Computer vision has widespread and growing application including robotics, autonomous vehicles, medical imaging and diagnosis, surveillance, video analysis, and even tracking for sports analysis. This book equips the reader with crucial mathematical and algorithmic tools to develop a thorough understanding of the underlying components of any complete computer vision system and to design such systems. These components include identifying local features such as corners or edges in the presence of noise, edge preserving smoothing, connected component labeling, stereopsis, thresholding, clustering, segmentation, and describing and matching both shapes and scenes. The extensive examples include photographs of faces, cartoons, animal footprints, and angiograms, and each chapter concludes with homework exercises and suggested projects. Intended for advanced undergraduate and beginning graduate students, the text will also be of use to practitioners and researchers in a range of applications.

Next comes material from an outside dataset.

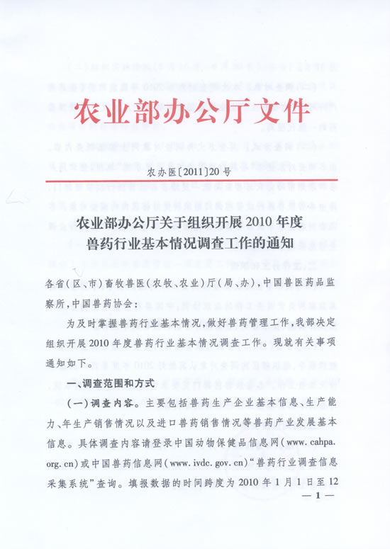 农业部办公厅关于组织开展2010年度兽药行业基本情况调查工作的通知

Wesley E. Snyder is Professor Emeritus of Electrical and Computer Engineering at North Carolina State University. He was previously a professor at the Bowman Gray School of Medicine and worked at the GE Corporate Research and Development Center, NASA Langley Research Center, and the West German Air and Space Agency (DLR). He has published 179 research papers and was chosen as an Outstanding Engineering Educator in North Carolina in 1993. He was made fellow of the Institute of Electrical and Electronics Engineers (IEEE), Gladden Fellow (University of Western Australia), and Fellow of the American Institute of Medical and Biomedical Engineering. Hairong Qi is the Gonzalez Family Professor of Electrical Engineering and Computer Science at the University of Tennessee, Knoxville. Her research interests include collaborative signal and image processing, hyperspectral imaging, and bioinformatics. She is the recipient of a National Science Foundation CAREER Award, numerous best paper awards at international conferences, and was awarded the highest impact paper from the Institute of Electrical and Electronics Engineers (IEEE) Geoscience and Remote Sensing Society in 2012.

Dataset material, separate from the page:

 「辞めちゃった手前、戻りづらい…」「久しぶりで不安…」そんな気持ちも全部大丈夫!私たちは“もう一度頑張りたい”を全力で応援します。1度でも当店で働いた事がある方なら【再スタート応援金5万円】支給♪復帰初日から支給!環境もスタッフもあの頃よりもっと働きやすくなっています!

Part I. Preliminaries: 1. Computer vision, some definitions, and some history; 2. Writing programs to process images; 3. Review of mathematical principles; 4. Images - representation and creation; Part II. Preprocessing: 5. Kernel operators; 6. Noise removal; 7. Mathematical morphology; Part III. Image Understanding: 8. Segmentation; 9. Parametric transforms; 10. Representing and matching shape; 11. Representing and matching scenes; Part IV. The 2-D Image in a 3-D World: 12. Relating to three dimensions; 13. Developing computer vision algorithms.